• **Work to be completed**: When you reach the line with "La distribuzione interna", start repeating the lines exactly and keep going to the end of the records, but drop every picture.

[Start of section]

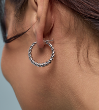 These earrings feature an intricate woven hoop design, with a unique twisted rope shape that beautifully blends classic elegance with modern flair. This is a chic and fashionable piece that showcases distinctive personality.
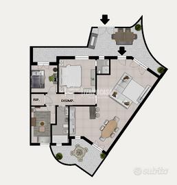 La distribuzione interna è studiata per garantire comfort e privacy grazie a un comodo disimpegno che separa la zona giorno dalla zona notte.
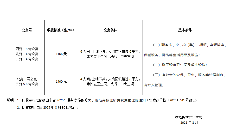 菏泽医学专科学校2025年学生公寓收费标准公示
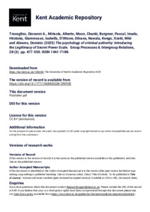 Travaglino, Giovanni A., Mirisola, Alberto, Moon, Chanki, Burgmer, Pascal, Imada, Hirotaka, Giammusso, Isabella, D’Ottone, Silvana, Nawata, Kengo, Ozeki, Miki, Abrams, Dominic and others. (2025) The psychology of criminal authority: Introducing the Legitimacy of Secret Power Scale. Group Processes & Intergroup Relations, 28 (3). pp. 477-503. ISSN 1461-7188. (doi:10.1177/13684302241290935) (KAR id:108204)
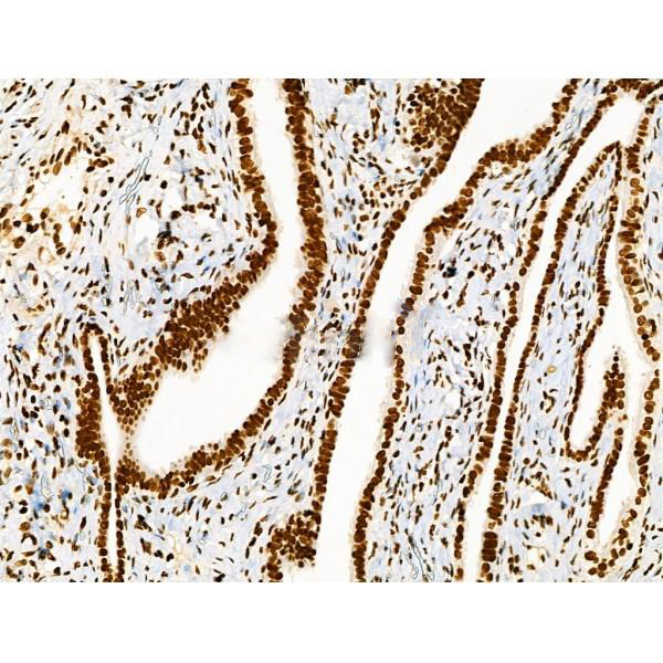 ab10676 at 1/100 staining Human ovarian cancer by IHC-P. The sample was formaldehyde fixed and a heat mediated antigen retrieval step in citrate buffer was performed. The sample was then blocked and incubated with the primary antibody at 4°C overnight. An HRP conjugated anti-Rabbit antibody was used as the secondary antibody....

[End of section]

• **Response area**:
 La distribuzione interna è studiata per garantire comfort e privacy grazie a un comodo disimpegno che separa la zona giorno dalla zona notte.
 菏泽医学专科学校2025年学生公寓收费标准公示
 Travaglino, Giovanni A., Mirisola, Alberto, Moon, Chanki, Burgmer, Pascal, Imada, Hirotaka, Giammusso, Isabella, D’Ottone, Silvana, Nawata, Kengo, Ozeki, Miki, Abrams, Dominic and others. (2025) The psychology of criminal authority: Introducing the Legitimacy of Secret Power Scale. Group Processes & Intergroup Relations, 28 (3). pp. 477-503. ISSN 1461-7188. (doi:10.1177/13684302241290935) (KAR id:108204)
 ab10676 at 1/100 staining Human ovarian cancer by IHC-P. The sample was formaldehyde fixed and a heat mediated antigen retrieval step in citrate buffer was performed. The sample was then blocked and incubated with the primary antibody at 4°C overnight. An HRP conjugated anti-Rabbit antibody was used as the secondary antibody....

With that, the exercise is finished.